7/13/2026 at 9:20:04 PM
> The company plans to grab four categories: your sleep, your medications, your medical records, and your cycle tracking detailsSo you buy a device but you can't effectively use half of its features because you'd also have to agree to send them your medical records? Ok then if I refuse, will they refund 50% of the device price since now it's not usable any more?
by rdtsc
7/13/2026 at 9:32:27 PM
If your in EU, you contact the local EU consumer group where you buy the device.https://www.europe-consommateurs.eu/en/who-we-are/about-us/e...
And file a complaint... As that breaches a dozen or more EU laws. If a lot of people do it in all the countries, it becomes a national issue.

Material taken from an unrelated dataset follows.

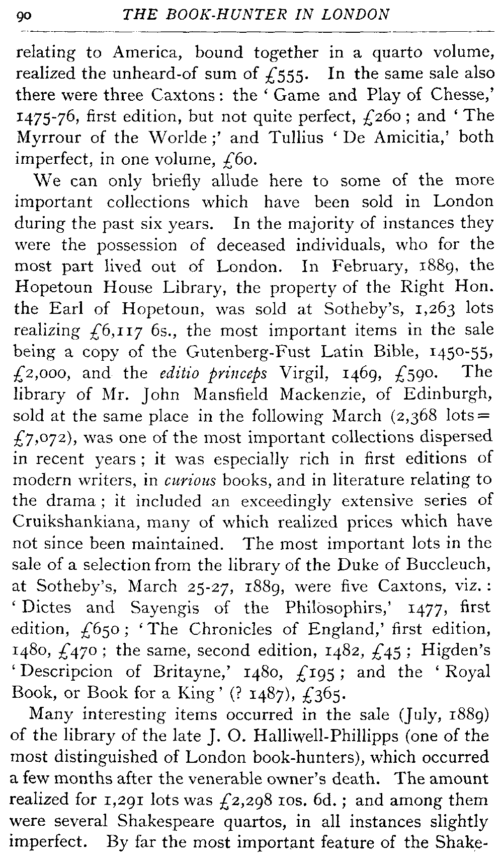 In a letter to Justin Windsor, the late J. Orchard Halliwell-Phillipps gave some very curious and interesting information respecting book-collecting in the earlier half of the present century. 'About the year 1836,' he wrote, 'when I first began hunting for old books at the various stalls in our famous London city, black-letter ones and rare prints were "plenty as blackberries," and I have often found such things in unlikely places and amidst a mass of commonplace rubbish, exposed for sale in boxes labelled, "These books and pamphlets 6d. or 1s. each," outside an old bookseller's window, where another notice informed the passer-by that "Libraries were purchased or books bought;" and thus plainly showed how such now indeed rarities came into the possession of an ignorant bibliopole. It was not, however, till about 1840 that I turned my attention to the more special work of collecting Shakespeare quartos, in which, I may say, I have been very successful. It was at one of George Chalmers' sales that I first bought one or two, and after that I hunted for them in all parts of the country, and met with considerable success, often buying duplicates, and even triplicates, of the same edition and play. At one time I possessed no less than three copies of the very rare quarto edition of "Romeo and Juliet," 1609, and sometimes even had four copies of more than one of the other quartos. Not so very long before this period, old Jolley, the well-known collector, picked up a Caxton [xxvii]at Reading, and a "Venus and Adonis," 1594, at Manchester, in a volume of old tracts, for the ignoble sum of 1s. 3d. Jolley was a wealthy orange-merchant of Farringdon Street, London, and entertained me often with many stories of similar fortunate finds of rare books, which served to whet my appetite only the more. But I was soon stopped in my book-hunting career by the appearance all at once on the scene of a number of buyers with much longer purses than my own, and thus I was driven from a market I had derived so much pleasure from with great regret. Some time afterwards circumstances rendered it desirable that I should part with a large number of my book-treasures by auction and to the British Museum; but even then I retained enough to be instrumental in founding the first Shakespearian library in Scotland, by presenting to the University of Edinburgh, amongst other rarities, nearly fifty copies of original quartos of Shakespeare's plays, printed before the Restoration, and to keep sufficient myself of the rarest and most valuable examples.'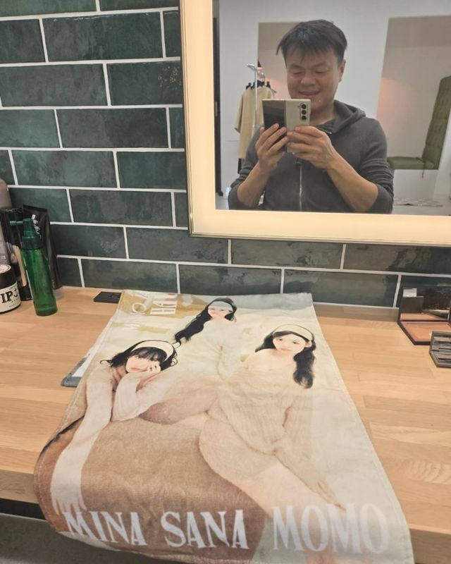 공개된 사진 속에는 '미사모' 멤버 미나, 사나, 모모가 그려진 커다란 타올이 놓여져있고, 이를 사진으로 찍는 박진영의 모습이 거울에 비쳐 웃음을 더한다. 박진영은 막 머리를 말리고 뽀송한 모습.

That is the only way you fix things, and yes, we have had multiple successes with companies taking the piss. Even Samsung can not escape as their have officies in the EU and sell products there.
For the folks outside the EU, ... Its a harder fight and you need to look up your local agencies.
by benjiro29
7/14/2026 at 1:18:06 PM
How about people just stop buying this crap instead? I've never owned a Samsung and I never will.People need to step out of this abusive relationship instead of trying to improve it. You will never be happy with a device you don't own.
by Levitating
7/14/2026 at 10:47:12 PM
Really quick that leads to not being able to buy anything though.Sony has done a bunch of evil things (deleting paid media, hiding rootkits in music CDs). Apple abuses their monopoly to force using their web browser and extort a 30% cut of all purchases. Every car manufacturer is tracking every car they sell and selling that data. Retailers are tracking store visits using everything from face recognition to MAC addresses on cell phones.
Boycotting can only do so much. We need regulations to protect people and steep fines for violating them.
by alyeska
7/15/2026 at 3:21:43 PM
It's not about boycotting or regulations. Just don't buy products you don't get to own, it's not that hard.I've never owned a Sony (other than a headset) or Apple product either. I am doing fine.
by Levitating
7/14/2026 at 9:06:46 PM
point me to some mature, effective options and I'd consider it.now that you've done that, which ones are cheap, cuz most people are broke af
by red-iron-pine
7/15/2026 at 3:14:38 PM
FairPhone, Nothing Phone, Jolla, Motorola, Google Pixel.If you're broke you shouldn't touch Samsung anyway. Better off buying a Xiaomi and unlocking it.
by Levitating
7/13/2026 at 10:34:01 PM
I had a ~2008 vintage Samsung phone with a fingerprint sensor that gave your blood oxygen level (SpO2). One day it told me something similar, I had to agree to send them data or I couldn’t use it. So I never used it again, but yeah they have been abusing their costumers a long time.This is they same company whose tvs take pictures of what you are watching and send them back to Samsung.
by andy99
7/13/2026 at 11:05:25 PM
Every TV does that unfortunately. It's called automatic content recognition but every manufacturer has a different euphemism for it.It's definitely not just Samsung. As bad as this is. The problem is bigger than just them.
by wolvoleo
7/14/2026 at 2:38:05 AM
Every TV might do this, not every single one does. Buy TVs which allow you to opt out (at least in one case it was several opt-ins, no opt out per SE).by subscribed
7/14/2026 at 10:54:36 PM
I don't really want to ask for permission to be excused from this vile monitoring. I don't want it to be in there at all. But I'm not aware of any brand which doesn't do this.by wolvoleo
7/15/2026 at 9:55:56 AM
I’ve got 2 Sceptre “dumb” TVs.by jdmarble
7/15/2026 at 8:12:49 PM
Thanks, never heard of that brand but I'll have a look.by wolvoleo
7/14/2026 at 3:28:49 AM
I have a projector that I just leave off the network. Do TVs require a network connection now? What happens when they don't have one?by imoverclocked
7/14/2026 at 4:04:46 AM
At the moment usually just a nag popup on power on.Annoying but not a huge deal. I imagine this will slowly get worse as more people learn to not connect it to WiFi.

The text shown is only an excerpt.